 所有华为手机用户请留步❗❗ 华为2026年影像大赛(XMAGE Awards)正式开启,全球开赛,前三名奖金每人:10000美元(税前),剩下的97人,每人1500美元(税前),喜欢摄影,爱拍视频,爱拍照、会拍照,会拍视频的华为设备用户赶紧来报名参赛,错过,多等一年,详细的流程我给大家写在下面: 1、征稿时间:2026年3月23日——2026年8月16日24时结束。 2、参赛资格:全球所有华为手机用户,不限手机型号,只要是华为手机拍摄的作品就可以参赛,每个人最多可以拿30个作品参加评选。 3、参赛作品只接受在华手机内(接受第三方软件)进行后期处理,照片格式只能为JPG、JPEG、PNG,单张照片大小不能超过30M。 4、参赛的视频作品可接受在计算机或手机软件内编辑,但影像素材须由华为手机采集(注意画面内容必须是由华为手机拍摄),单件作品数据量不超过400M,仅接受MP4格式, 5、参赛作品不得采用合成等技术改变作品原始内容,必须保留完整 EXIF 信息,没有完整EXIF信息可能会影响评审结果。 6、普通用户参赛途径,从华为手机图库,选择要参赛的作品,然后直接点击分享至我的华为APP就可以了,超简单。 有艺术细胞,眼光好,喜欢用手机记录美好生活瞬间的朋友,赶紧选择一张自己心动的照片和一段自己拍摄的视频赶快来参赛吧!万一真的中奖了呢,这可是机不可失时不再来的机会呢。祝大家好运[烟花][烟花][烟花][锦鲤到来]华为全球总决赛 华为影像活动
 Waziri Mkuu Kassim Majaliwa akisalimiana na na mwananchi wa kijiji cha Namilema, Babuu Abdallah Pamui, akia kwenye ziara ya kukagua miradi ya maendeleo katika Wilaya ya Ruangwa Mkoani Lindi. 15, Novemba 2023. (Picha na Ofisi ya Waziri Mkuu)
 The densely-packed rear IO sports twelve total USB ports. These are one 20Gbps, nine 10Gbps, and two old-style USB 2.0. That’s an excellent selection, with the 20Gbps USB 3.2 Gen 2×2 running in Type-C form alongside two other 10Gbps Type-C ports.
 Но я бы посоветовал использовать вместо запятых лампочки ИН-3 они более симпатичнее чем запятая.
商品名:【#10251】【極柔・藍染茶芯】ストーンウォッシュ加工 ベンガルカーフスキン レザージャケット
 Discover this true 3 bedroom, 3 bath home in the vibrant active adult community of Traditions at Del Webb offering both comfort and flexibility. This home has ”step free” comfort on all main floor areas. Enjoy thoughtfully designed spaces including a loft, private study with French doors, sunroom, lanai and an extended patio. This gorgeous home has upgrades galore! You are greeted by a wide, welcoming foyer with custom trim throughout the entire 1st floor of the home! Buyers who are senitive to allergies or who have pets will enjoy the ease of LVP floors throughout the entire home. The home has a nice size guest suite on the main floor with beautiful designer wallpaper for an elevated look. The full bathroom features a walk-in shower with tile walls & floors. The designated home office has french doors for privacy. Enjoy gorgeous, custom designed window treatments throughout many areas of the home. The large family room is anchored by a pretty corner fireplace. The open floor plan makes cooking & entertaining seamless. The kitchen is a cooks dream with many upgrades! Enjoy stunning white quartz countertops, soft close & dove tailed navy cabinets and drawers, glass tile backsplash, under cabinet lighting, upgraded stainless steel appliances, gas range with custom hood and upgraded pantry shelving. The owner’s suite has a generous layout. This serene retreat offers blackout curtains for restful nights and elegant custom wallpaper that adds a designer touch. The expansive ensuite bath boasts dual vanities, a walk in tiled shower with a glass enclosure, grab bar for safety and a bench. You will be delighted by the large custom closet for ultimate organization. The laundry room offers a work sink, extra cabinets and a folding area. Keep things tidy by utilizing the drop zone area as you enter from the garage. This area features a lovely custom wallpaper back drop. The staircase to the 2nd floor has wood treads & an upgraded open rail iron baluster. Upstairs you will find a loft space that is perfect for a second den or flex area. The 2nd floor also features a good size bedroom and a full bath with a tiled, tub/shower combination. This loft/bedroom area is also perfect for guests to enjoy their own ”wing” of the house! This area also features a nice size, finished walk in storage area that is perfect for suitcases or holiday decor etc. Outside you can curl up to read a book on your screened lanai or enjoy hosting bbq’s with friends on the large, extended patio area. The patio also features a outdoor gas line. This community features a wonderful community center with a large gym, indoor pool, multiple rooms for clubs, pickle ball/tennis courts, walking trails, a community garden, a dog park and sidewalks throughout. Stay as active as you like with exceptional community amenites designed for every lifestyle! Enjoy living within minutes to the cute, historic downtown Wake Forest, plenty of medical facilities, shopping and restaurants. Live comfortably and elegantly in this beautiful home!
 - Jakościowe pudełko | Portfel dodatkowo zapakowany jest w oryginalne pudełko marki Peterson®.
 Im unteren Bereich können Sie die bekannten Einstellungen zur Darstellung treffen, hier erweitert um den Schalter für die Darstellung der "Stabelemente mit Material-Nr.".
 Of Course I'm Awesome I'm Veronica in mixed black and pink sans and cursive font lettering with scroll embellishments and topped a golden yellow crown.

**EXERCISE**
Return every record above exactly, line by line.

**EXPECTED ANSWER**
 所有华为手机用户请留步❗❗ 华为2026年影像大赛(XMAGE Awards)正式开启,全球开赛,前三名奖金每人:10000美元(税前),剩下的97人,每人1500美元(税前),喜欢摄影,爱拍视频,爱拍照、会拍照,会拍视频的华为设备用户赶紧来报名参赛,错过,多等一年,详细的流程我给大家写在下面: 1、征稿时间:2026年3月23日——2026年8月16日24时结束。 2、参赛资格:全球所有华为手机用户,不限手机型号,只要是华为手机拍摄的作品就可以参赛,每个人最多可以拿30个作品参加评选。 3、参赛作品只接受在华手机内(接受第三方软件)进行后期处理,照片格式只能为JPG、JPEG、PNG,单张照片大小不能超过30M。 4、参赛的视频作品可接受在计算机或手机软件内编辑,但影像素材须由华为手机采集(注意画面内容必须是由华为手机拍摄),单件作品数据量不超过400M,仅接受MP4格式, 5、参赛作品不得采用合成等技术改变作品原始内容,必须保留完整 EXIF 信息,没有完整EXIF信息可能会影响评审结果。 6、普通用户参赛途径,从华为手机图库,选择要参赛的作品,然后直接点击分享至我的华为APP就可以了,超简单。 有艺术细胞,眼光好,喜欢用手机记录美好生活瞬间的朋友,赶紧选择一张自己心动的照片和一段自己拍摄的视频赶快来参赛吧!万一真的中奖了呢,这可是机不可失时不再来的机会呢。祝大家好运[烟花][烟花][烟花][锦鲤到来]华为全球总决赛 华为影像活动
 Waziri Mkuu Kassim Majaliwa akisalimiana na na mwananchi wa kijiji cha Namilema, Babuu Abdallah Pamui, akia kwenye ziara ya kukagua miradi ya maendeleo katika Wilaya ya Ruangwa Mkoani Lindi. 15, Novemba 2023. (Picha na Ofisi ya Waziri Mkuu)
 The densely-packed rear IO sports twelve total USB ports. These are one 20Gbps, nine 10Gbps, and two old-style USB 2.0. That’s an excellent selection, with the 20Gbps USB 3.2 Gen 2×2 running in Type-C form alongside two other 10Gbps Type-C ports.
 Но я бы посоветовал использовать вместо запятых лампочки ИН-3 они более симпатичнее чем запятая.
商品名:【#10251】【極柔・藍染茶芯】ストーンウォッシュ加工 ベンガルカーフスキン レザージャケット
 Discover this true 3 bedroom, 3 bath home in the vibrant active adult community of Traditions at Del Webb offering both comfort and flexibility. This home has ”step free” comfort on all main floor areas. Enjoy thoughtfully designed spaces including a loft, private study with French doors, sunroom, lanai and an extended patio. This gorgeous home has upgrades galore! You are greeted by a wide, welcoming foyer with custom trim throughout the entire 1st floor of the home! Buyers who are senitive to allergies or who have pets will enjoy the ease of LVP floors throughout the entire home. The home has a nice size guest suite on the main floor with beautiful designer wallpaper for an elevated look. The full bathroom features a walk-in shower with tile walls & floors. The designated home office has french doors for privacy. Enjoy gorgeous, custom designed window treatments throughout many areas of the home. The large family room is anchored by a pretty corner fireplace. The open floor plan makes cooking & entertaining seamless. The kitchen is a cooks dream with many upgrades! Enjoy stunning white quartz countertops, soft close & dove tailed navy cabinets and drawers, glass tile backsplash, under cabinet lighting, upgraded stainless steel appliances, gas range with custom hood and upgraded pantry shelving. The owner’s suite has a generous layout. This serene retreat offers blackout curtains for restful nights and elegant custom wallpaper that adds a designer touch. The expansive ensuite bath boasts dual vanities, a walk in tiled shower with a glass enclosure, grab bar for safety and a bench. You will be delighted by the large custom closet for ultimate organization. The laundry room offers a work sink, extra cabinets and a folding area. Keep things tidy by utilizing the drop zone area as you enter from the garage. This area features a lovely custom wallpaper back drop. The staircase to the 2nd floor has wood treads & an upgraded open rail iron baluster. Upstairs you will find a loft space that is perfect for a second den or flex area. The 2nd floor also features a good size bedroom and a full bath with a tiled, tub/shower combination. This loft/bedroom area is also perfect for guests to enjoy their own ”wing” of the house! This area also features a nice size, finished walk in storage area that is perfect for suitcases or holiday decor etc. Outside you can curl up to read a book on your screened lanai or enjoy hosting bbq’s with friends on the large, extended patio area. The patio also features a outdoor gas line. This community features a wonderful community center with a large gym, indoor pool, multiple rooms for clubs, pickle ball/tennis courts, walking trails, a community garden, a dog park and sidewalks throughout. Stay as active as you like with exceptional community amenites designed for every lifestyle! Enjoy living within minutes to the cute, historic downtown Wake Forest, plenty of medical facilities, shopping and restaurants. Live comfortably and elegantly in this beautiful home!
 - Jakościowe pudełko | Portfel dodatkowo zapakowany jest w oryginalne pudełko marki Peterson®.
 Im unteren Bereich können Sie die bekannten Einstellungen zur Darstellung treffen, hier erweitert um den Schalter für die Darstellung der "Stabelemente mit Material-Nr.".
 Of Course I'm Awesome I'm Veronica in mixed black and pink sans and cursive font lettering with scroll embellishments and topped a golden yellow crown.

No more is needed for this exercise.